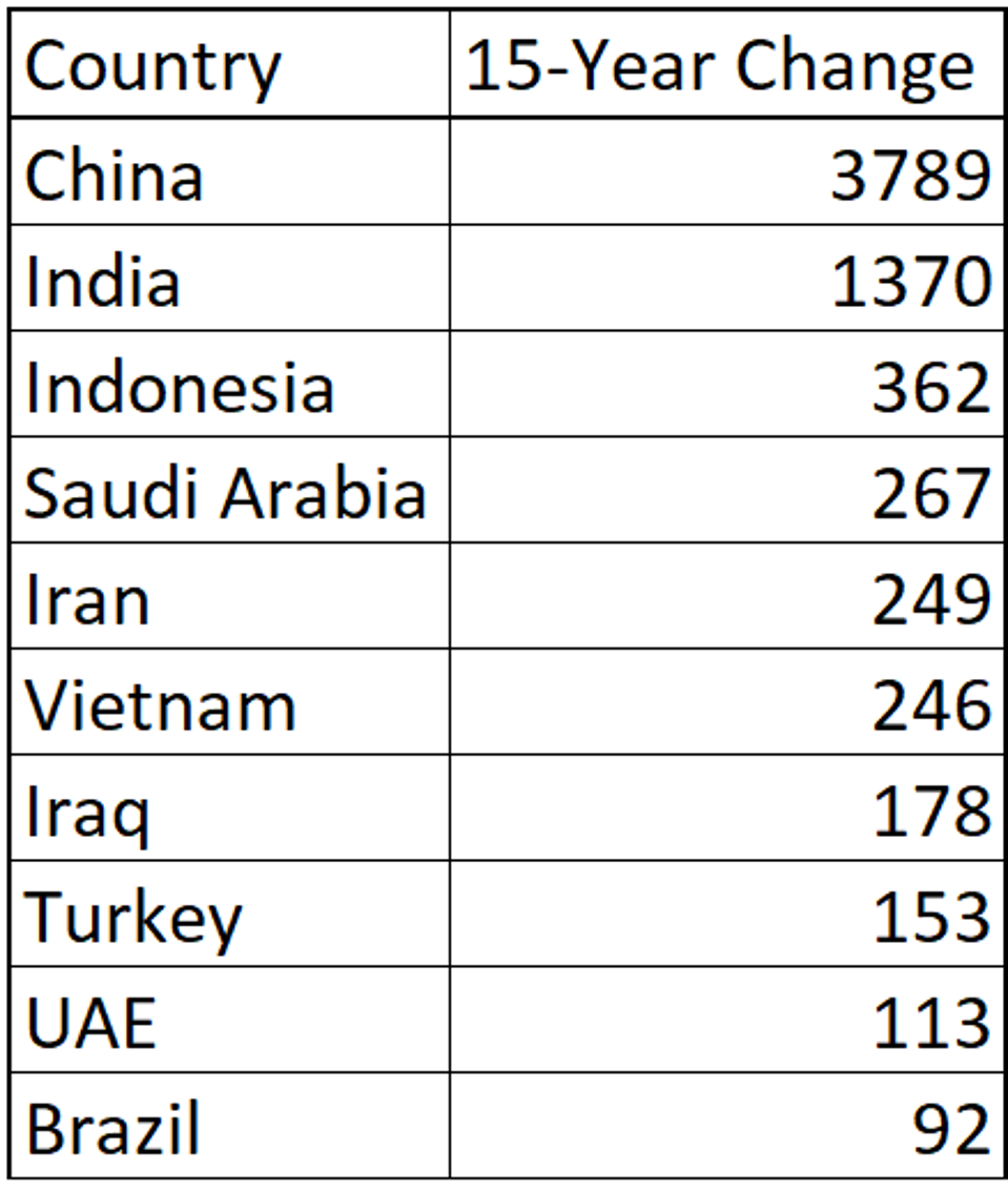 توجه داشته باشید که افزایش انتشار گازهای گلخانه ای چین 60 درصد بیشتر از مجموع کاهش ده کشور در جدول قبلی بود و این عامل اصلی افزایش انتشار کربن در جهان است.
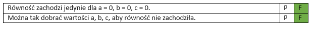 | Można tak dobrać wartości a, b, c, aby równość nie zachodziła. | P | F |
==
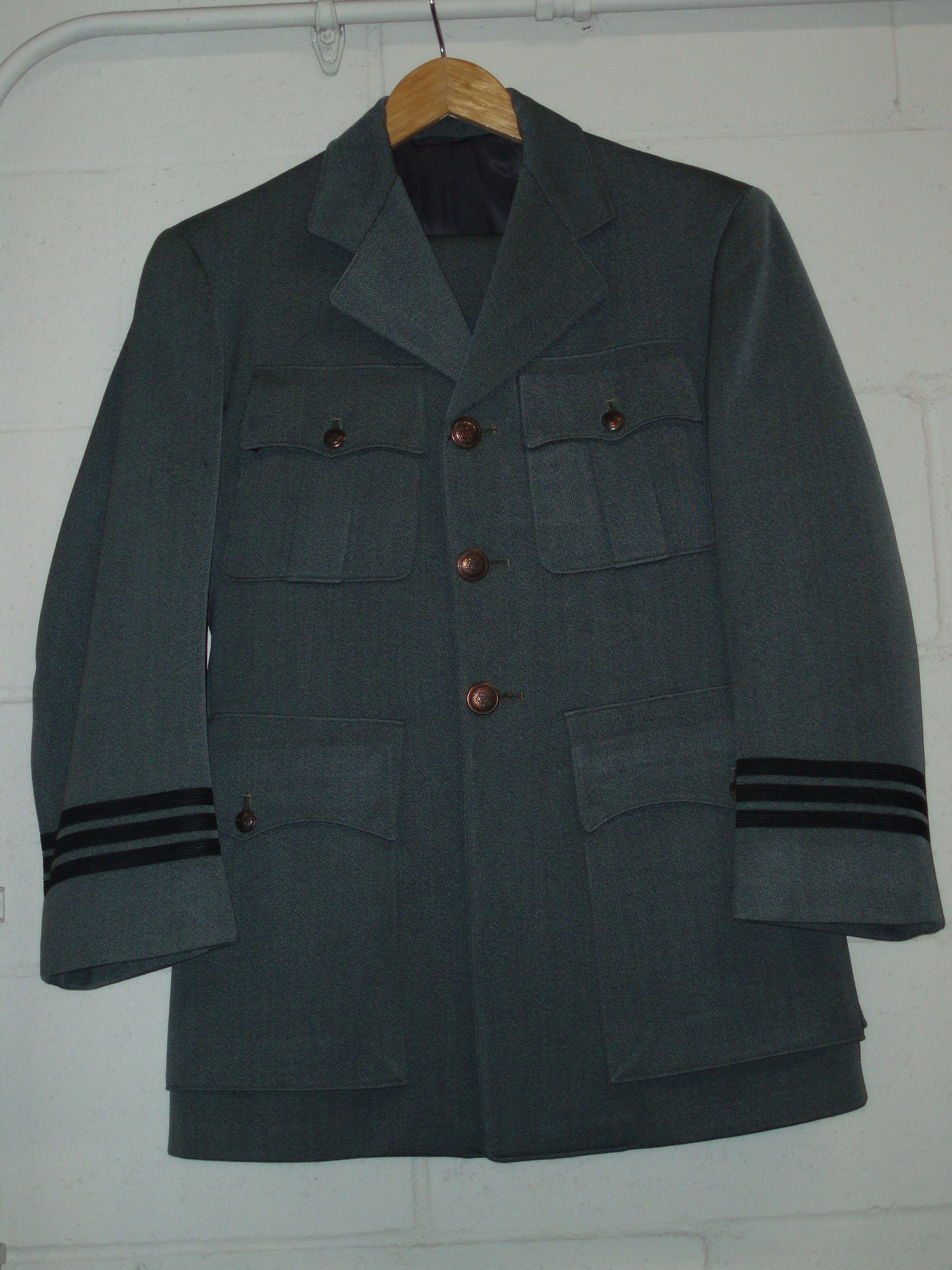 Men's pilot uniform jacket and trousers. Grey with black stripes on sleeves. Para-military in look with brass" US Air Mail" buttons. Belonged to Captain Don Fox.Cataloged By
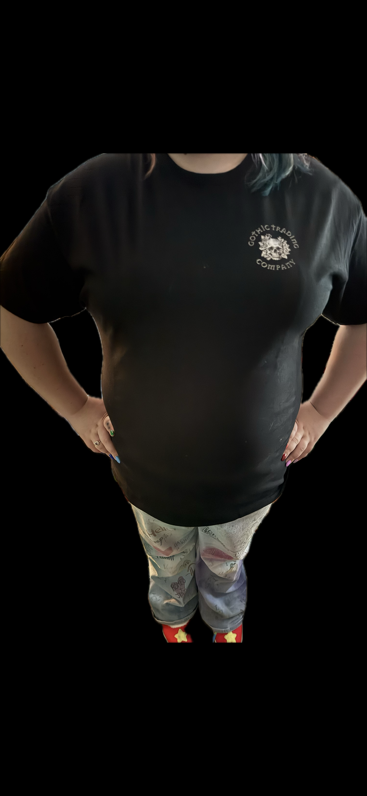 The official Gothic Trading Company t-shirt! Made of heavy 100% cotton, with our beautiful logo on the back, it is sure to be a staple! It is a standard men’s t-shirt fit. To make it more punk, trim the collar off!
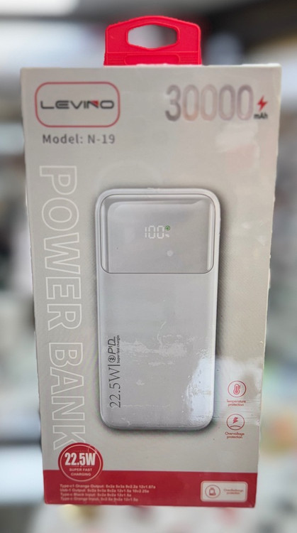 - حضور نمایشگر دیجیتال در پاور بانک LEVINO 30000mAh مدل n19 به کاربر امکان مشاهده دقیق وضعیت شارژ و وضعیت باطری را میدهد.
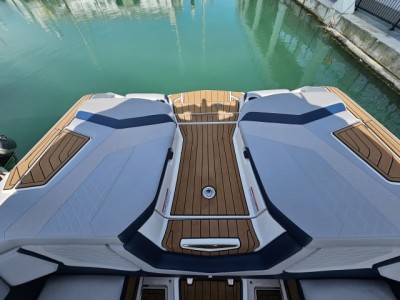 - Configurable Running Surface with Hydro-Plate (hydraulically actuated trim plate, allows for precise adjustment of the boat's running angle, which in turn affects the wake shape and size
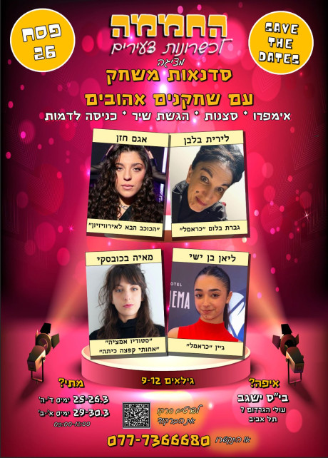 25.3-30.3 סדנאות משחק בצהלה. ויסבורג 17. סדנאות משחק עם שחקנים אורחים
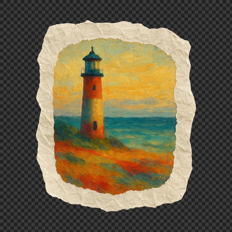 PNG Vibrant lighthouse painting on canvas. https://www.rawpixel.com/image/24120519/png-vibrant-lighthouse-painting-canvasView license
...
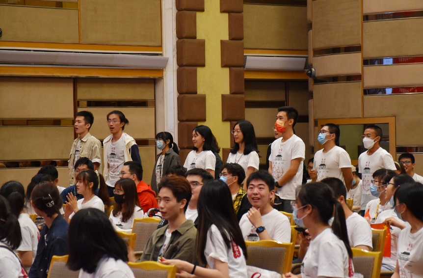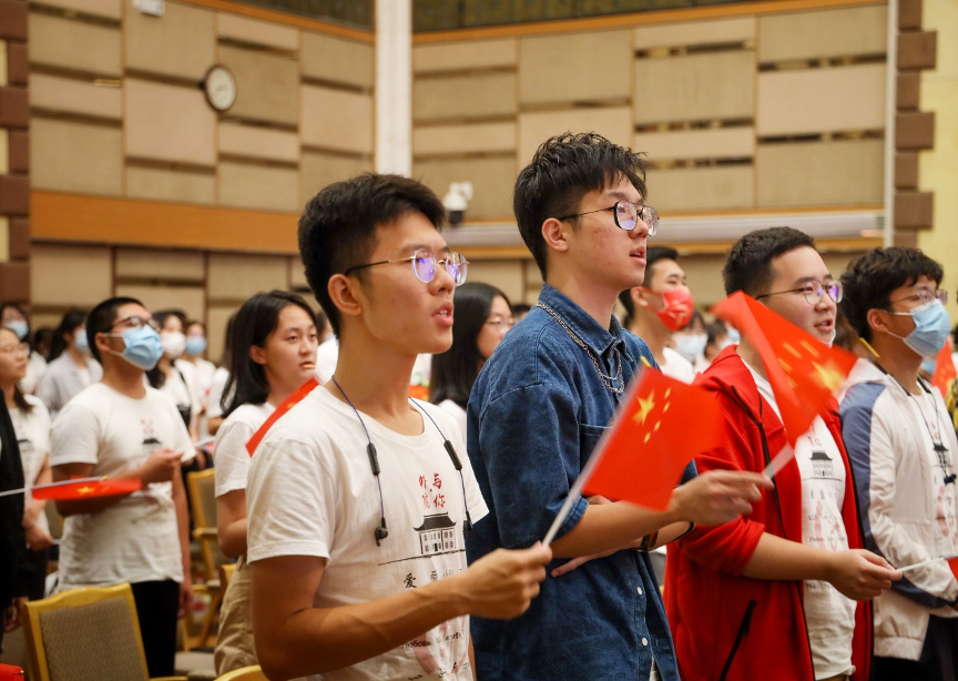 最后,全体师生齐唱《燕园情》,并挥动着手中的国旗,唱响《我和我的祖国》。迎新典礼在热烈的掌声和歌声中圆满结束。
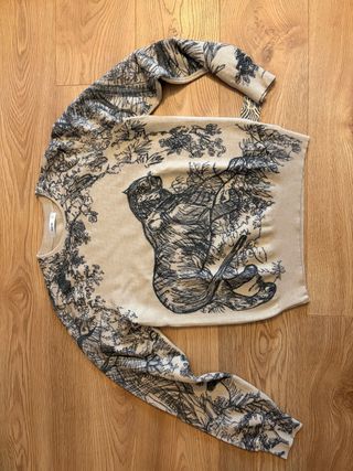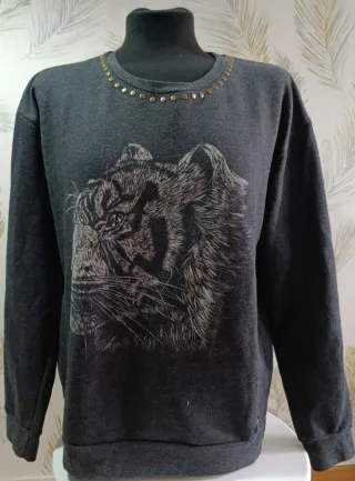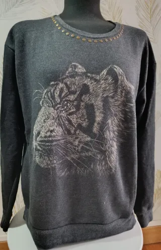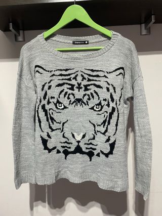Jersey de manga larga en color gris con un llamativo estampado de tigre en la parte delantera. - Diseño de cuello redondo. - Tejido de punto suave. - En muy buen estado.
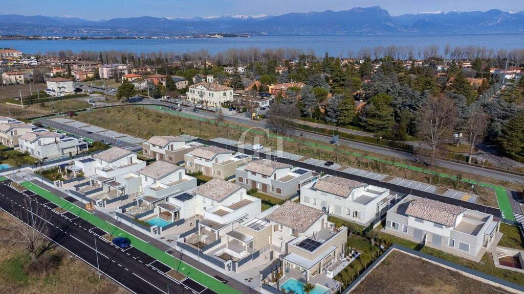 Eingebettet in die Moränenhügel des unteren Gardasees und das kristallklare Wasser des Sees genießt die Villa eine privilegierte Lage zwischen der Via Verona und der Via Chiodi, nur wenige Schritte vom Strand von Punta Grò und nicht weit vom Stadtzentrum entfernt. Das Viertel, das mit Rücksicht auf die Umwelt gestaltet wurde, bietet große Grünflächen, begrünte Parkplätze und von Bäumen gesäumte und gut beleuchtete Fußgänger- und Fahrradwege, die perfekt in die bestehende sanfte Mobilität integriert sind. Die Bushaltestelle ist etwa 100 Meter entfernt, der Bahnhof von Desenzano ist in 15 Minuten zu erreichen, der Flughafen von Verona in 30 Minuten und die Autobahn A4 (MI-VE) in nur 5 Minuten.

§ **Exercise aim**
Without the pictures, set down the lines above from the line with "25.3-30.3 סדנאות משחק" up to and including the line with "PNG Vibrant lighthouse" exactly as they stand.

§ **Result of this exercise**
 25.3-30.3 סדנאות משחק בצהלה. ויסבורג 17. סדנאות משחק עם שחקנים אורחים
 PNG Vibrant lighthouse painting on canvas. https://www.rawpixel.com/image/24120519/png-vibrant-lighthouse-painting-canvasView license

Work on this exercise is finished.